| Task to complete |
From the line containing "Αυτή η φιλική" to the end of the data, retype every line exactly and nothing else. Drop the pictures.

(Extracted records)
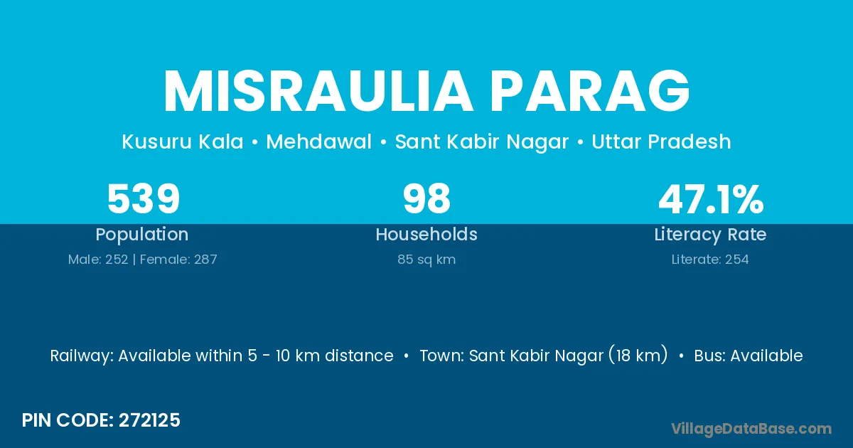 Sant Kabir Nagar (18 km) is the nearest town to Misraulia Parag village for major economic activities and is located approximately 18 km away.
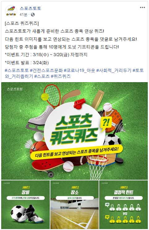 국민체육진흥공단이 발행하는 체육진흥투표권 스포츠토토의 수탁사업자인 ㈜케이토토가 공식 페이스북을 통해 오는 20일(금) 자정까지 힌트를 보고 연상되는 스포츠 종목을 맞히는 ‘스포츠 종목 연상 퀴즈’ 이벤트를 실시한다고 밝혔다.
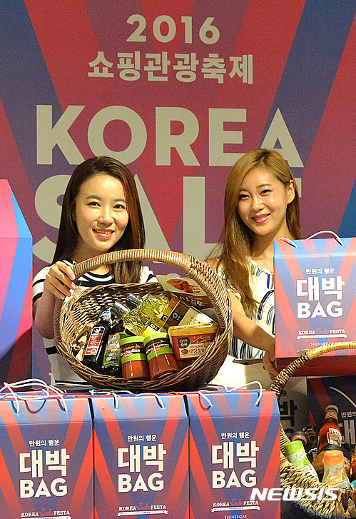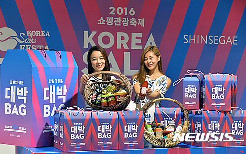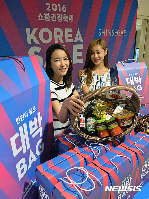 「コリア・セール・フェスタ」を明日に控えた28日午前、新世界デパート本店で3-4万ウォン相当の加工食品が入った福袋が1万ウォン(約900円)で販売されている。
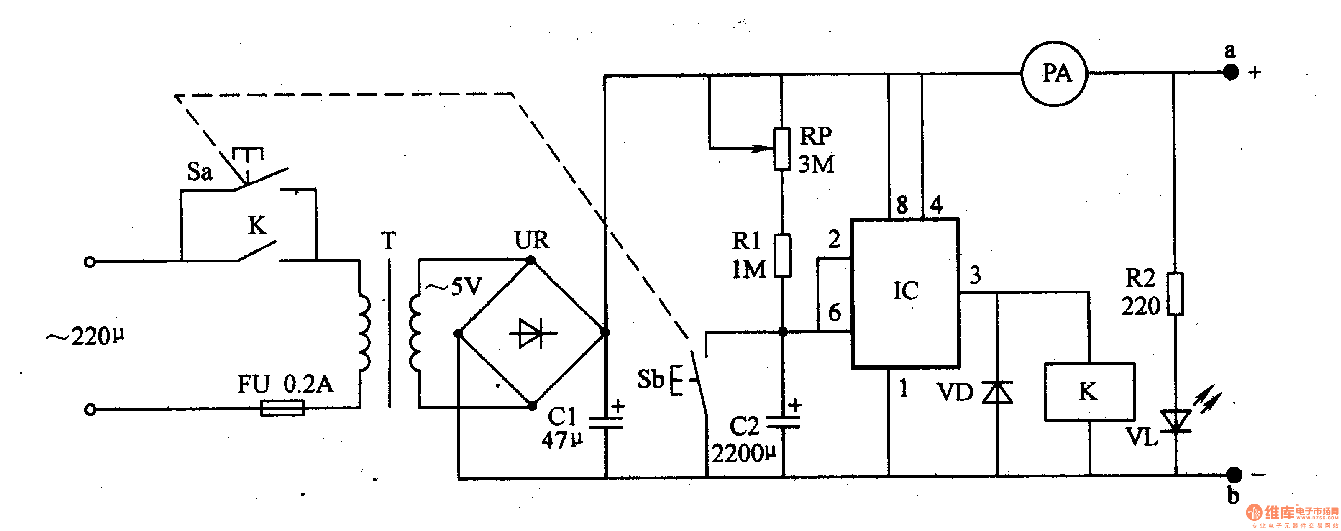 When you press button s 220V AC voltage will produce 5V DC voltage after being reduced, rectified and filtered by T, UR and CI. The voltage will separate into three parts. One is supplied to pole a, b and one lightens VL while another works as power of timing control circuit. If you increase the distance between pole a and pole b, the working current will decrease.
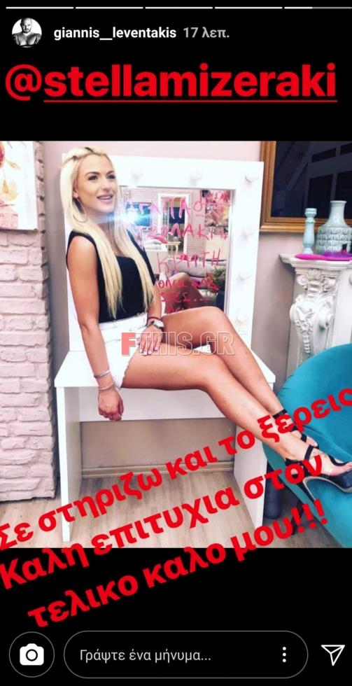 Αυτή η φιλική σχέση φαίνεται και από τη δημόσια στήριξη που ο Γιάννης Λεβεντάκης δείχνει στη πρώην κοπέλα του. Χαρακτηριστικό παράδειγμα το story που ανέβασε στον προσωπικό του λογαριασμό στο instagram γράφοντας «Σε στηρίζω και το ξέρεις. Καλή επιτυχία στον τελικό καλό μου».
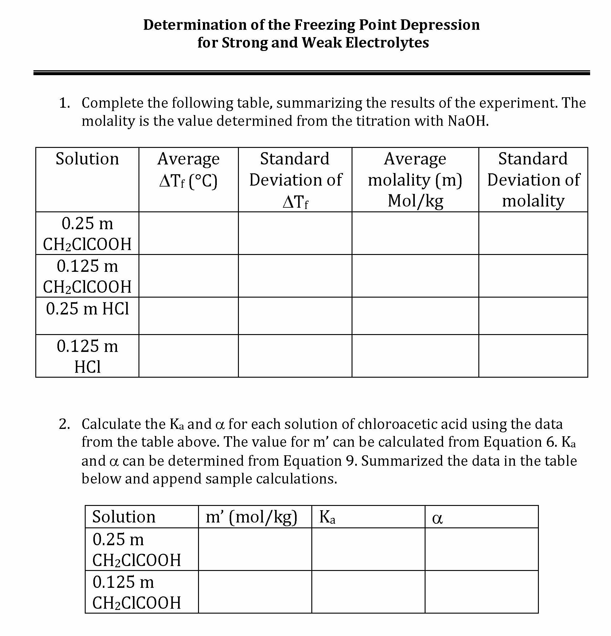 Determination of the Freezing Point Depression for Strong and Weak...
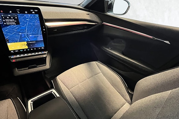 Den SUV-liknende fronten og det kompakte karosseriet gir et unikt utseende. Megane E-Tech Electric er bygget på en plattform med helt flatt gulv. Den brede strukturen og det nye OpenR-dashbordet frigjør ekstra plass: 209 mm beinplass i baksetet, og 33 liter oppbevaringsplass.
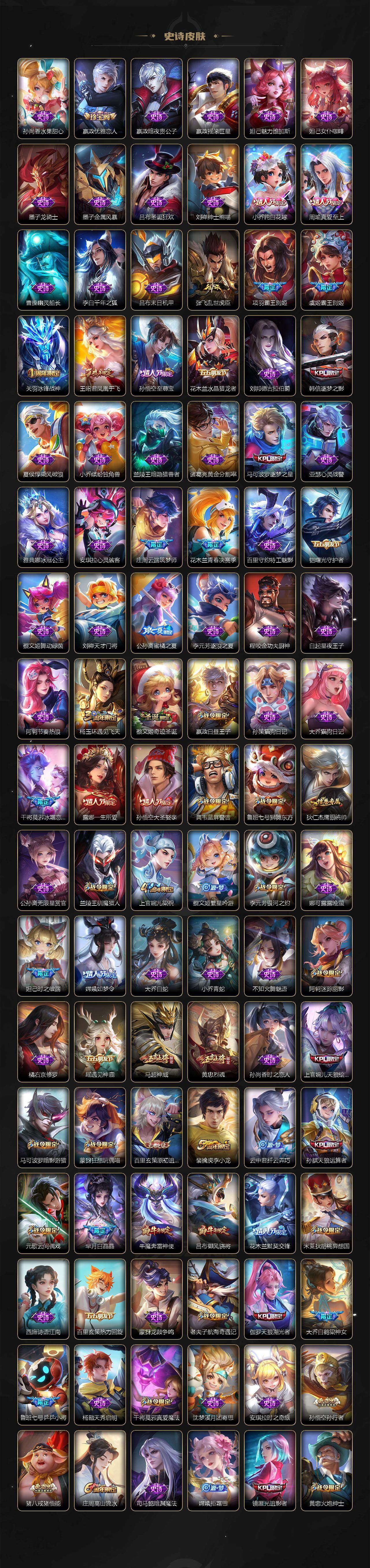 【荣耀典藏】:武则天英雄,孙悟空全息碎影,武则天倪克斯神谕,夏侯惇无限飓风号,小乔天鹅之梦,孙尚香杀手不太冷,鲁班七号星空梦想,芈月大秦宣太后,程咬金活力突击,李白鸣剑曳影,诸葛亮星域神启,花木兰九霄神辉
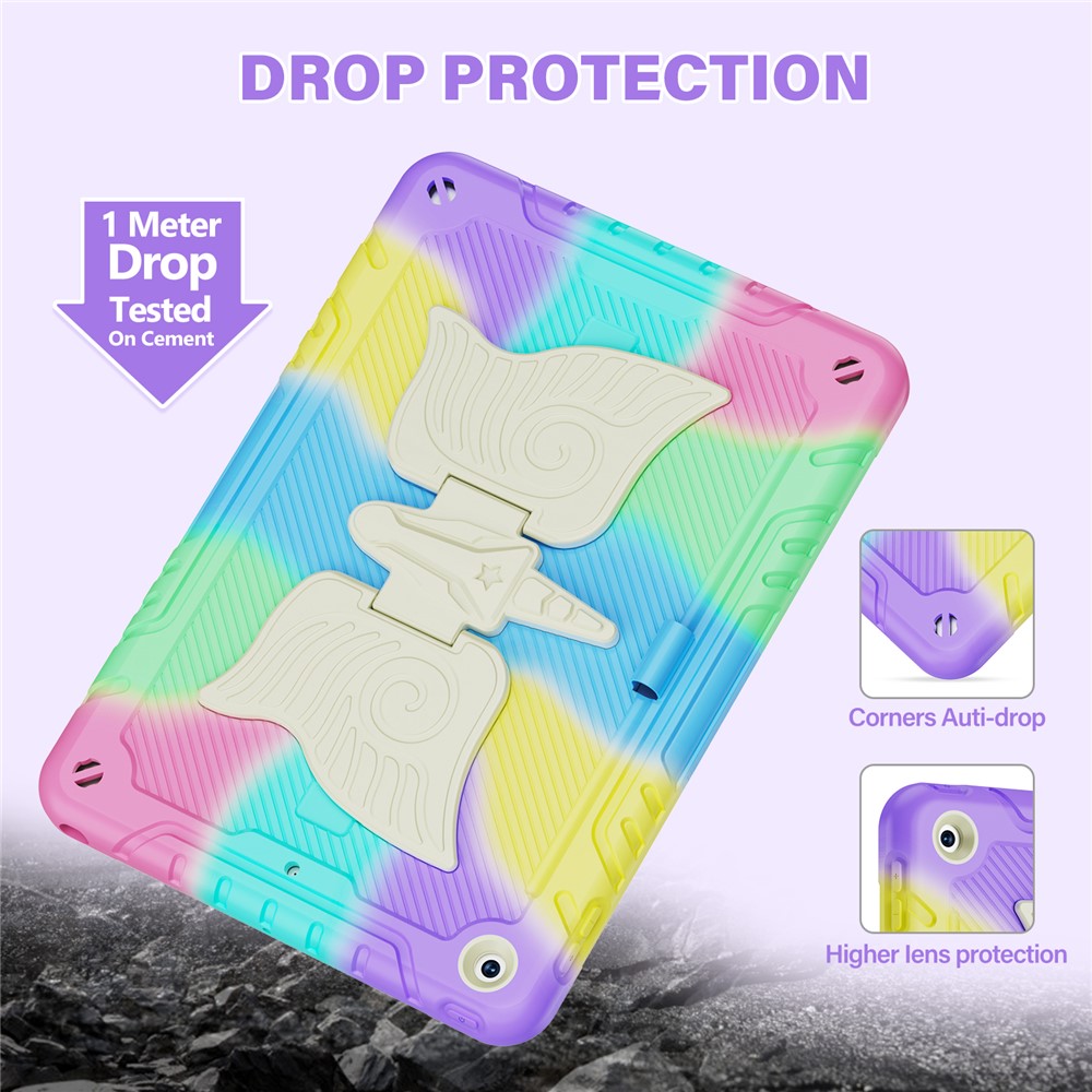 For iPad 10.2 (2021) / 10.2 (2019) / 10.2 (2020) Case Silicone+PC Drop-resistant Tablet Cover with Unicorn Kickstand – Colorful+Purple
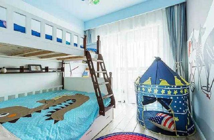 3.四室一厅装修风格的时候,美式风格特点就是休闲不羁。客厅宽敞;卧室则比较温馨,强调功能性和舒适性,同时也会用很多布艺来布置;书房实用装饰丰富。

| Exercise solution |
 Αυτή η φιλική σχέση φαίνεται και από τη δημόσια στήριξη που ο Γιάννης Λεβεντάκης δείχνει στη πρώην κοπέλα του. Χαρακτηριστικό παράδειγμα το story που ανέβασε στον προσωπικό του λογαριασμό στο instagram γράφοντας «Σε στηρίζω και το ξέρεις. Καλή επιτυχία στον τελικό καλό μου».
 Determination of the Freezing Point Depression for Strong and Weak...
 Den SUV-liknende fronten og det kompakte karosseriet gir et unikt utseende. Megane E-Tech Electric er bygget på en plattform med helt flatt gulv. Den brede strukturen og det nye OpenR-dashbordet frigjør ekstra plass: 209 mm beinplass i baksetet, og 33 liter oppbevaringsplass.
 【荣耀典藏】:武则天英雄,孙悟空全息碎影,武则天倪克斯神谕,夏侯惇无限飓风号,小乔天鹅之梦,孙尚香杀手不太冷,鲁班七号星空梦想,芈月大秦宣太后,程咬金活力突击,李白鸣剑曳影,诸葛亮星域神启,花木兰九霄神辉
 For iPad 10.2 (2021) / 10.2 (2019) / 10.2 (2020) Case Silicone+PC Drop-resistant Tablet Cover with Unicorn Kickstand – Colorful+Purple
 3.四室一厅装修风格的时候,美式风格特点就是休闲不羁。客厅宽敞;卧室则比较温馨,强调功能性和舒适性,同时也会用很多布艺来布置;书房实用装饰丰富。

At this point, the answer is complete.